To The Point
by Caren Cowan
Polar Bears Are Running For Their Lives!
Gosh I wish I was clever… or at least a better liar. Maybe if I was … or some of us were, we would have the funding we need to win the battles we are in.
This email popped up in my spam box … and I just couldn’t resist reading it:
Polar bears are literally running for their lives — evading melting sea ice in search of remaining habitat for their hunt. With melting sea ice such a huge threat to the polar bear population, we must do everything we can to protect polar bear habitat.
Every year, summer sea ice shrinks and melts for longer periods of time. Polar bears are finding less and less ice available as habitat while they hunt. Without a space for hunting, the polar bears starve.

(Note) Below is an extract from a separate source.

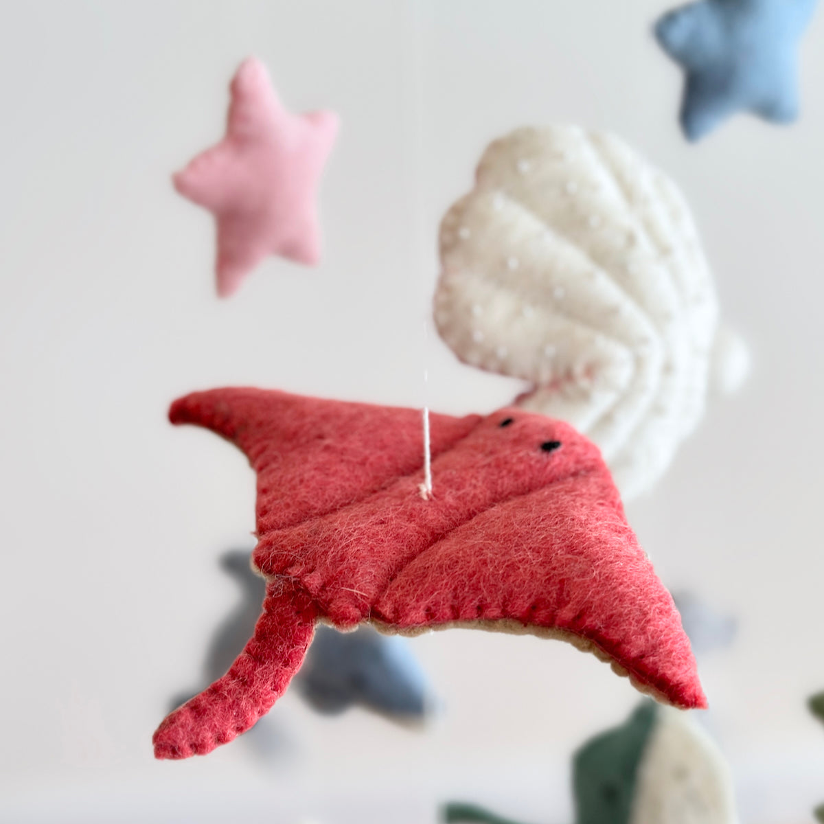 Introduce the enchantment of the ocean to your nursery with our Sea Life Baby Mobile. Delicate scallops, sea turtles, sea horses, whales, dolphins, and stingrays gracefully dance, suspended in the air. This meticulously crafted mobile captures the beauty of marine life, creating a serene ambiance for your baby's sleep. Transform their space into an underwater haven with the Sea Life Mobile.

They’re forced to rely on fat stores until more ice freezes.
Polar bears can’t afford any unnecessary stress to their already vulnerable population.

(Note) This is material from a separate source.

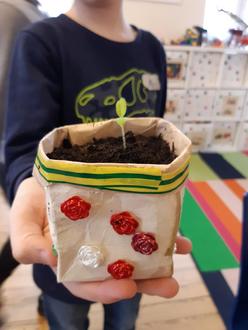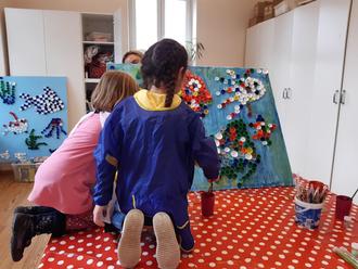 Danach starteten verschiedene Workshops und es gab auch die Möglichkeit zum freien Spielen im Haus. Passend zum Thema gab es ein Upcycling von Tetrapacks zu Blumentöpfen, die dann angemalt und mit Tomatensetzlingen bepflanzt wurden. Auf kleinen bespannten Keilrahmen wurden aus Ästen und Knöpfen fantasievolle Kunstwerke gestaltet. Um die Sachen auch alle sicher nach Hause bringen zu können gab es ein Angebot, in dem Taschen bemalt wurden. Wer es lebendiger haben wollte fand immer Fußballbegeisterte für den Kicker unterm Dach.

There are less than 25,000 polar bears left in the wild. If climate change continues unabated, this number will keep shrinking. Support saving polar bears from industrial impacts, climate change, and other threats.
Notice that the sad story of the polar is one that evolving. Now are counting polar bears, we are no longer relying solely on the loss of critical habitat. Now we are worried only about the ice melting in the summer, apparently admitting that the ice is fine the rest of the year. Sort of like we evolved from global warming to climate change as climate “deniers” continue to come up with supportable data that the globe is in fact not warming.
If you look at a literal definition of climate change, it is hard to argue with. The climate is changing virtually every second of every minute of every day and it has been since time began. The argument about whether or not man (or woman or child) is causing that will be on going.
It is interesting that while countless animals do pretty much the same thing humans do in terms of bodily functions, it is only the humans, along with the dreaded cow that is polluting the environment. Wait, let me correct that. Word is now that dogs are as bad as cows and SUVs.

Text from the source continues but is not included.